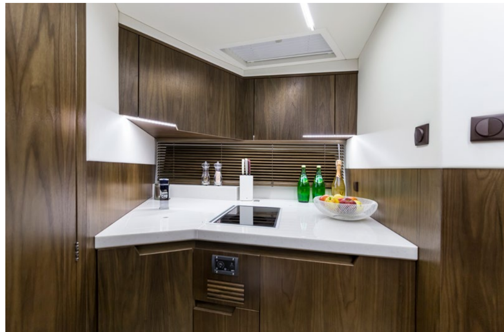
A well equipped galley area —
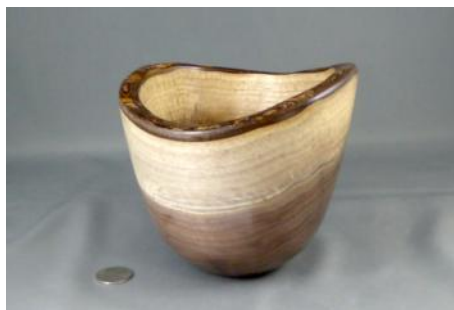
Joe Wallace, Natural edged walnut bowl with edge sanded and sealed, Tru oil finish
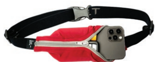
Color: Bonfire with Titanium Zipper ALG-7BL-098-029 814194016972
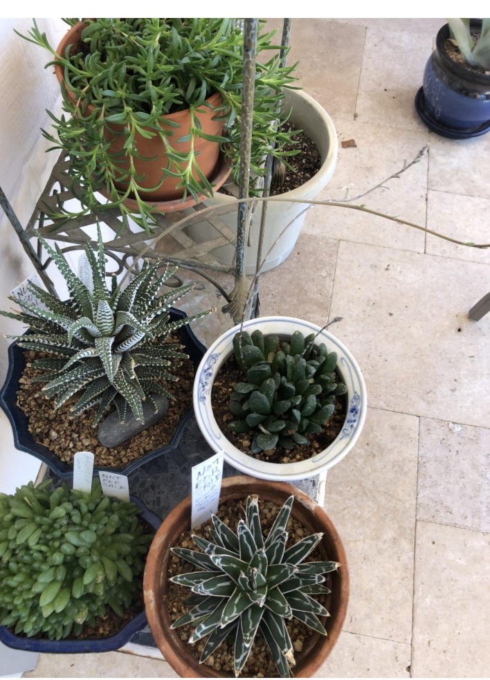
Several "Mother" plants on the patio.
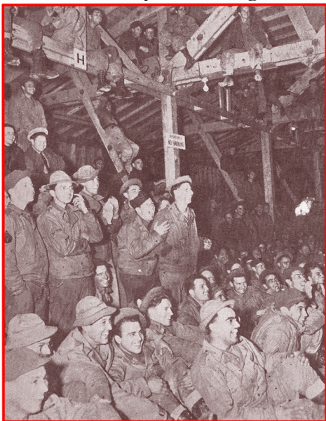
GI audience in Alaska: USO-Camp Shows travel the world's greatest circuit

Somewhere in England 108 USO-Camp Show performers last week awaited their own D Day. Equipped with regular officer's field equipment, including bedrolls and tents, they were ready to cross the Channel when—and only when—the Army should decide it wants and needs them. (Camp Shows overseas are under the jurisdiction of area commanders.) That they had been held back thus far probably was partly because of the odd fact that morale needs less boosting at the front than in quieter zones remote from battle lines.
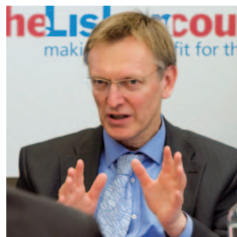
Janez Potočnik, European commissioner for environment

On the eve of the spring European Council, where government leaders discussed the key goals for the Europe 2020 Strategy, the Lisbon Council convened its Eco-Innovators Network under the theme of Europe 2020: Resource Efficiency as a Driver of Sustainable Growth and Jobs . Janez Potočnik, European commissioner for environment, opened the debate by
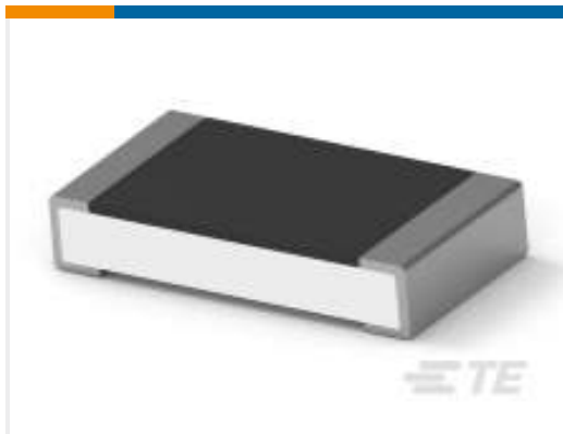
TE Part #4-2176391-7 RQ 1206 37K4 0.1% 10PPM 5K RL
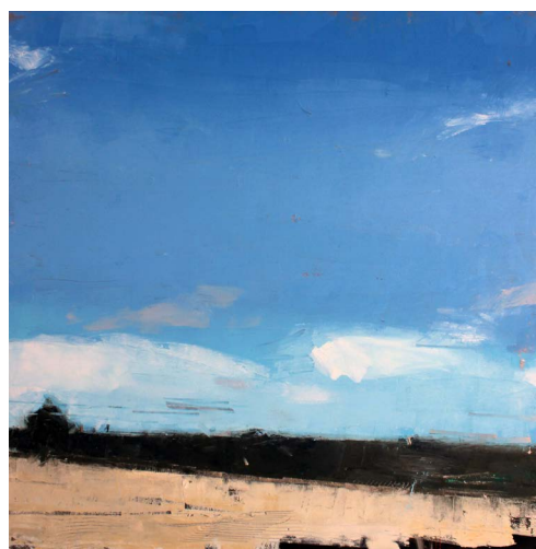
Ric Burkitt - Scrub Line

----------

▶ _About this task_:
Collect every line above that contains the word "Janez".

▶ _Response to the task_:
Janez Potočnik, European commissioner for environment
On the eve of the spring European Council, where government leaders discussed the key goals for the Europe 2020 Strategy, the Lisbon Council convened its Eco-Innovators Network under the theme of Europe 2020: Resource Efficiency as a Driver of Sustainable Growth and Jobs . Janez Potočnik, European commissioner for environment, opened the debate by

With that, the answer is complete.